◆ **Supplied data**
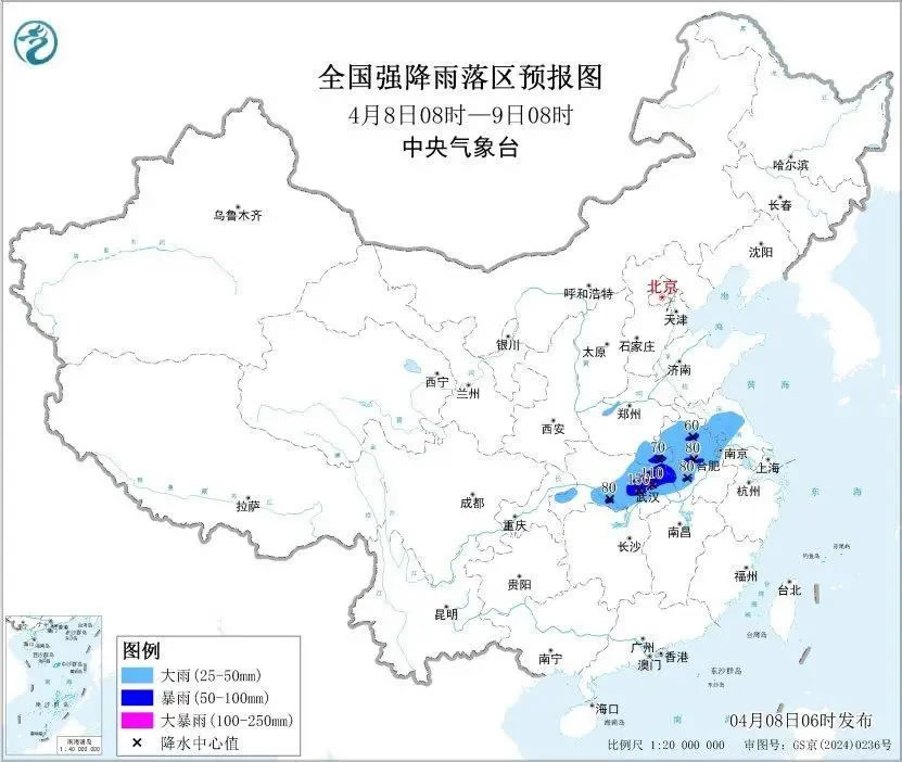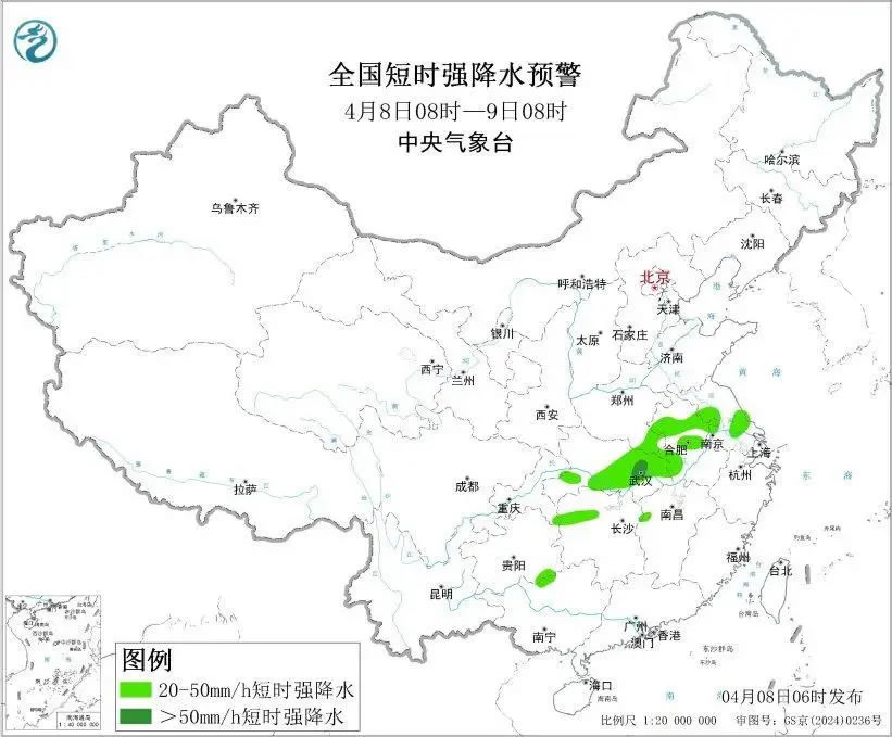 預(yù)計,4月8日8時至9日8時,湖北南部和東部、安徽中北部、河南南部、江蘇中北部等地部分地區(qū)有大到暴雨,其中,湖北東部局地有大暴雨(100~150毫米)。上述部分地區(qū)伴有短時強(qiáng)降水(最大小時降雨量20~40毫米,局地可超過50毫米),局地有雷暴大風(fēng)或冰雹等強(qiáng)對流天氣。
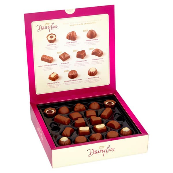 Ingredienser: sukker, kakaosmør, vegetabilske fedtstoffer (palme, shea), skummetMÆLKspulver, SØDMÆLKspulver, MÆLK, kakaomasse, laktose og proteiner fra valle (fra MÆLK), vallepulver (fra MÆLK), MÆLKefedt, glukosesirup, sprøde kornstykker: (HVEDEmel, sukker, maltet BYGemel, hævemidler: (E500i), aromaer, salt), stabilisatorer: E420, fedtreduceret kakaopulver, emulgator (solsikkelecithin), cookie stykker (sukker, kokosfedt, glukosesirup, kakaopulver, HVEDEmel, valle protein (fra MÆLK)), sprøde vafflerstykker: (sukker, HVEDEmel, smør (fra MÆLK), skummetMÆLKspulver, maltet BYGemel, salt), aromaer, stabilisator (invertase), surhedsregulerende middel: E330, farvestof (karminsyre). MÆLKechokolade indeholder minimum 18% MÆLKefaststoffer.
...
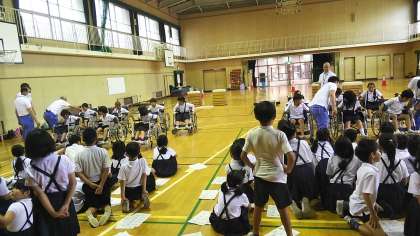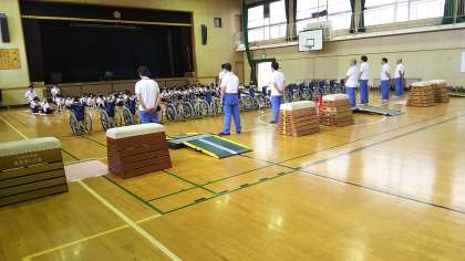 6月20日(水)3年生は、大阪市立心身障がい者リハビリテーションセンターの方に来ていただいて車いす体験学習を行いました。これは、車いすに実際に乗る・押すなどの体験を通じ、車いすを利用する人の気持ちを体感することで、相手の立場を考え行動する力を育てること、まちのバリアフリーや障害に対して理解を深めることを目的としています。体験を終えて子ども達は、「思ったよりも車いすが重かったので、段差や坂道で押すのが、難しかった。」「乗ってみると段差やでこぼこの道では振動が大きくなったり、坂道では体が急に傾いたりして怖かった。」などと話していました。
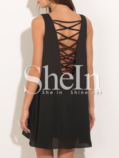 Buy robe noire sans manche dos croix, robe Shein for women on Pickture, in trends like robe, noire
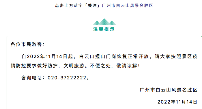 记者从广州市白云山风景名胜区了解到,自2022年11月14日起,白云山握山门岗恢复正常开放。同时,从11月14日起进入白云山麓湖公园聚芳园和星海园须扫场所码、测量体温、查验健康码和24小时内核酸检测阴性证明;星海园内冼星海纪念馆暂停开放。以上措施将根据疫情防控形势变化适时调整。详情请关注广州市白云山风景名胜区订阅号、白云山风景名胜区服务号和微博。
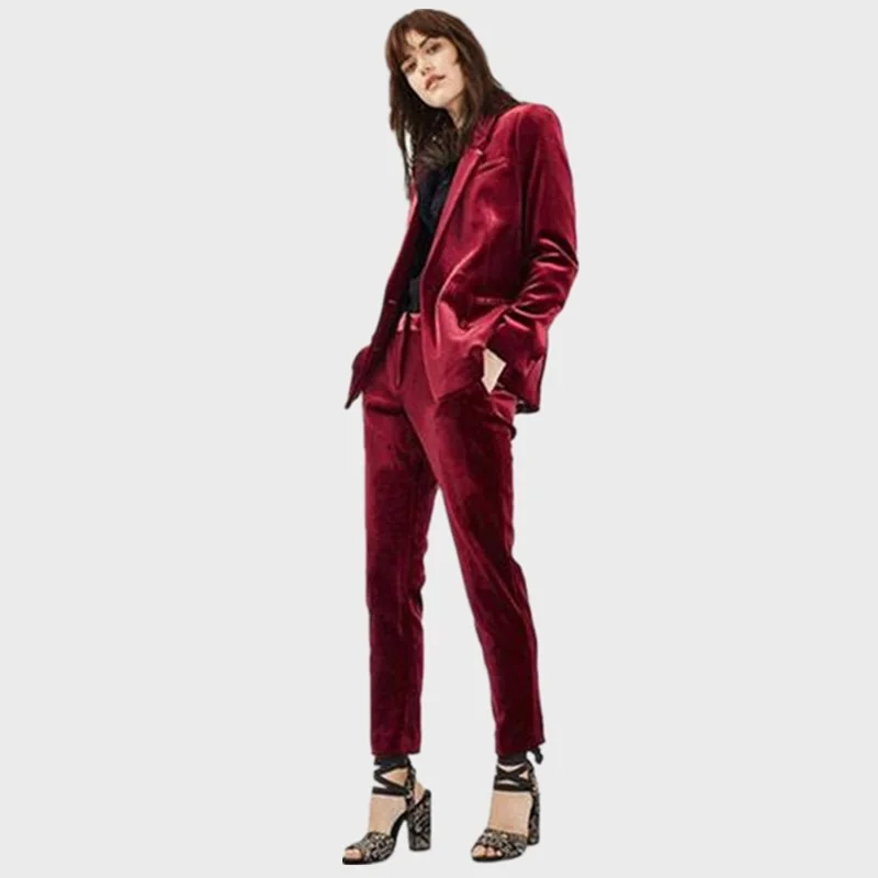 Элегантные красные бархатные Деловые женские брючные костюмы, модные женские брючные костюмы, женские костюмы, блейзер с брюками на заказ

◆ **Directions**
Using the data above, give again exactly the lines starting at the one holding "记者从广州市白云山风景名胜区" and ending at the one holding "Элегантные красные бархатные", inclusive, and nothing more. Omit the pictures.

◆ **Result**
 记者从广州市白云山风景名胜区了解到,自2022年11月14日起,白云山握山门岗恢复正常开放。同时,从11月14日起进入白云山麓湖公园聚芳园和星海园须扫场所码、测量体温、查验健康码和24小时内核酸检测阴性证明;星海园内冼星海纪念馆暂停开放。以上措施将根据疫情防控形势变化适时调整。详情请关注广州市白云山风景名胜区订阅号、白云山风景名胜区服务号和微博。
 Элегантные красные бархатные Деловые женские брючные костюмы, модные женские брючные костюмы, женские костюмы, блейзер с брюками на заказ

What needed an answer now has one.